• Data below:
= = = = = = =
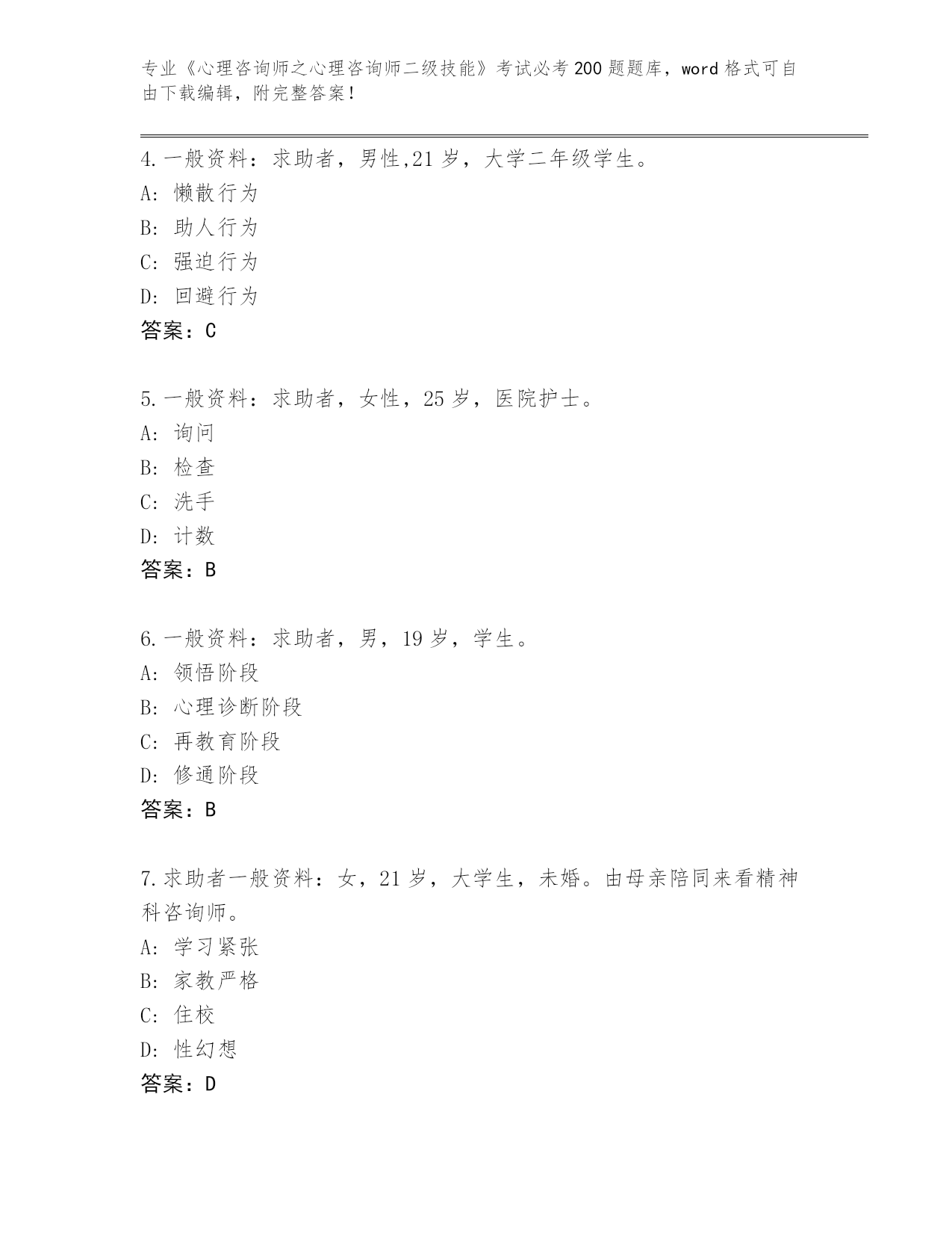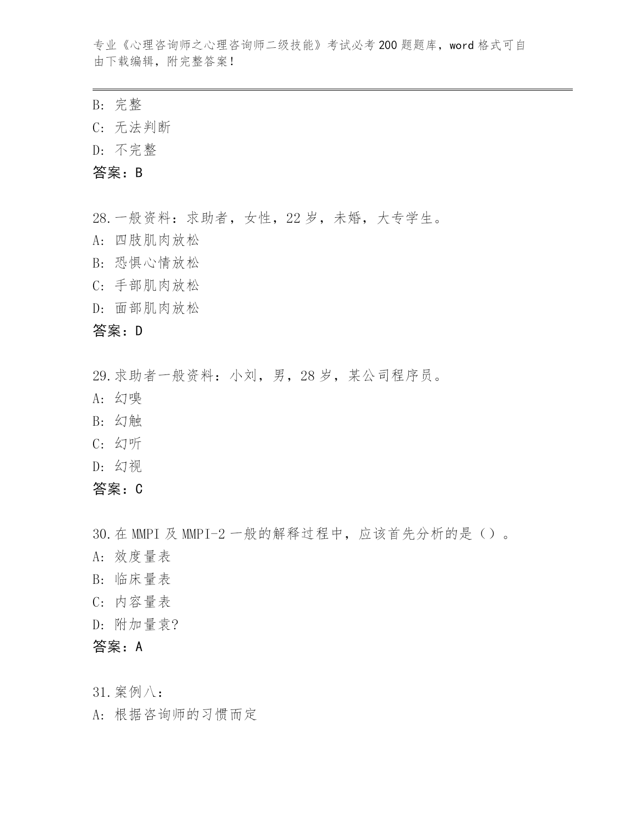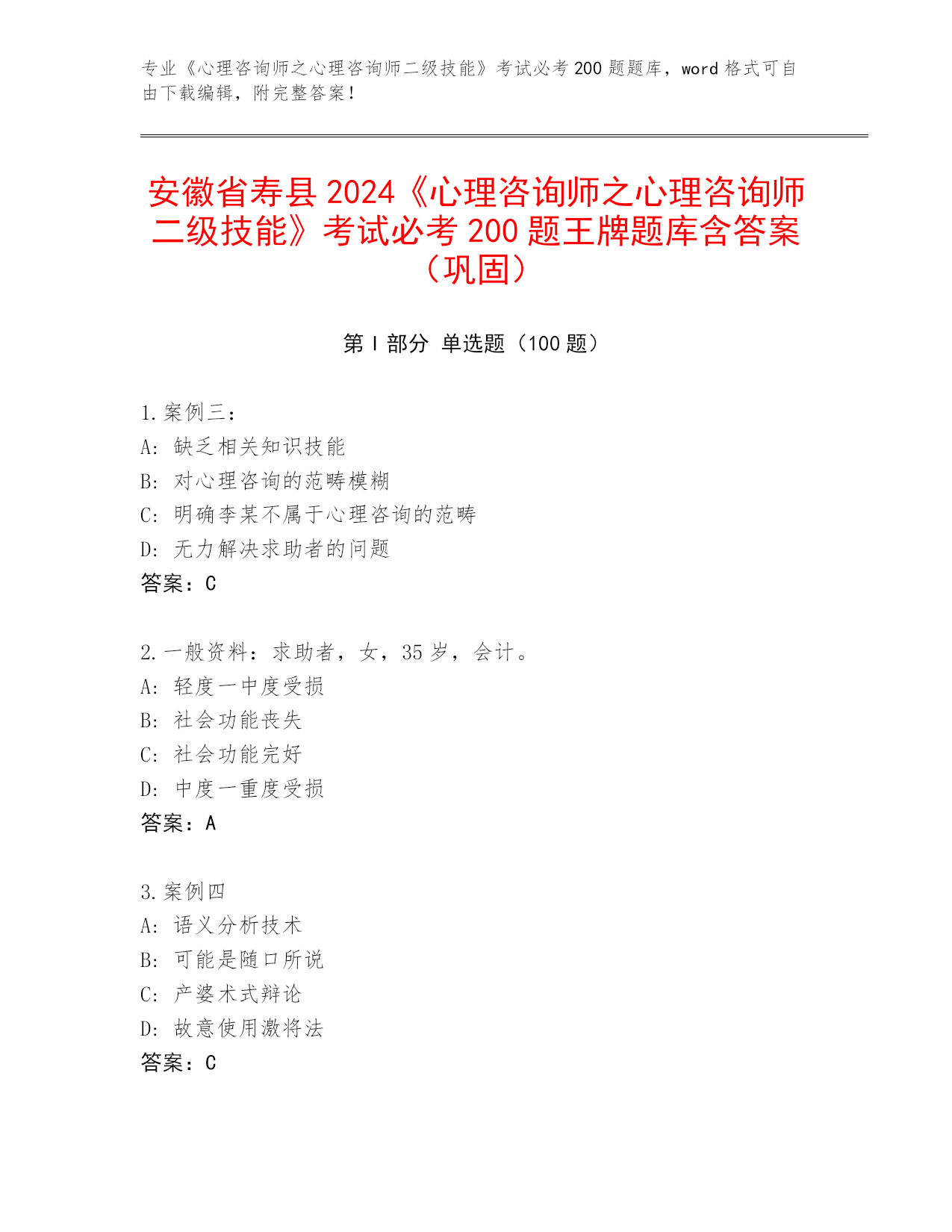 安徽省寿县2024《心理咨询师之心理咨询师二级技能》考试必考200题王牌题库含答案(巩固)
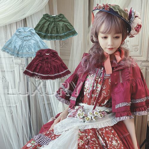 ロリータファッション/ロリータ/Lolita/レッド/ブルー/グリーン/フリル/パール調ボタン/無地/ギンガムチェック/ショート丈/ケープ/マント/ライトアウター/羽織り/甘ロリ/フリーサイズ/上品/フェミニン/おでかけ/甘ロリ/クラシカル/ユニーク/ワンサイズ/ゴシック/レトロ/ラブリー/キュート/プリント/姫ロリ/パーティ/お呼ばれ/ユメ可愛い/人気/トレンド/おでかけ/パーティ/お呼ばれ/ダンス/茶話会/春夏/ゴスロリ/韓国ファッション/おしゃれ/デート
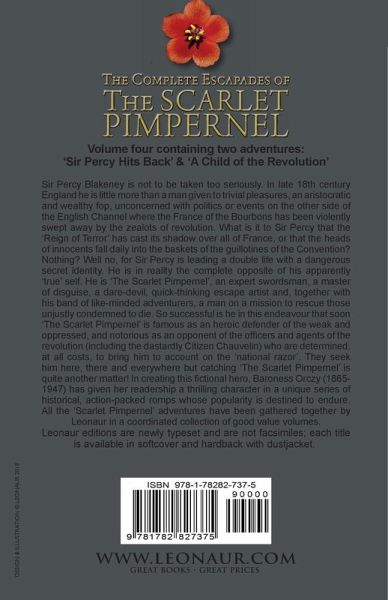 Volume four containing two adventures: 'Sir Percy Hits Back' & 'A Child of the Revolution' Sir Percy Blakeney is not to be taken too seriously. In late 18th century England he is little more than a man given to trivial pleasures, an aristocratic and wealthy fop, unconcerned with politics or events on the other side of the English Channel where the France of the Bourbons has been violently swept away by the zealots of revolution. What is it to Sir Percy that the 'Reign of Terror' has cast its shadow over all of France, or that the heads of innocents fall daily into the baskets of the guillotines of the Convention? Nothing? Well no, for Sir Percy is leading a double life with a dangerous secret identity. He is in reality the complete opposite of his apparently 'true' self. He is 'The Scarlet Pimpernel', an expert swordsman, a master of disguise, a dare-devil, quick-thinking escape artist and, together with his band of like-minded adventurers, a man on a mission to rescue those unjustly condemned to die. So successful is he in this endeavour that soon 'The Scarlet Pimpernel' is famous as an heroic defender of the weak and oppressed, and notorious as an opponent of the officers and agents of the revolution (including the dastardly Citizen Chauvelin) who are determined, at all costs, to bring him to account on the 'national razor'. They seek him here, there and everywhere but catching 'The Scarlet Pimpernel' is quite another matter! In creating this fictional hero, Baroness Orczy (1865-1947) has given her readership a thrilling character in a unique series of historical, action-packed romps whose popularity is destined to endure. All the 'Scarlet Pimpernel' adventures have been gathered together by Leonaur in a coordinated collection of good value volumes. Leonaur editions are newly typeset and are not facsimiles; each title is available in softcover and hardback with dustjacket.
= = = = = = =
• Task description: Begin at the first line of the listing and print each line exactly. Stop after the line containing "ロリータファッション/ロリー", and omit all pictures.

• Exercise response:
 安徽省寿县2024《心理咨询师之心理咨询师二级技能》考试必考200题王牌题库含答案(巩固)
 ロリータファッション/ロリータ/Lolita/レッド/ブルー/グリーン/フリル/パール調ボタン/無地/ギンガムチェック/ショート丈/ケープ/マント/ライトアウター/羽織り/甘ロリ/フリーサイズ/上品/フェミニン/おでかけ/甘ロリ/クラシカル/ユニーク/ワンサイズ/ゴシック/レトロ/ラブリー/キュート/プリント/姫ロリ/パーティ/お呼ばれ/ユメ可愛い/人気/トレンド/おでかけ/パーティ/お呼ばれ/ダンス/茶話会/春夏/ゴスロリ/韓国ファッション/おしゃれ/デート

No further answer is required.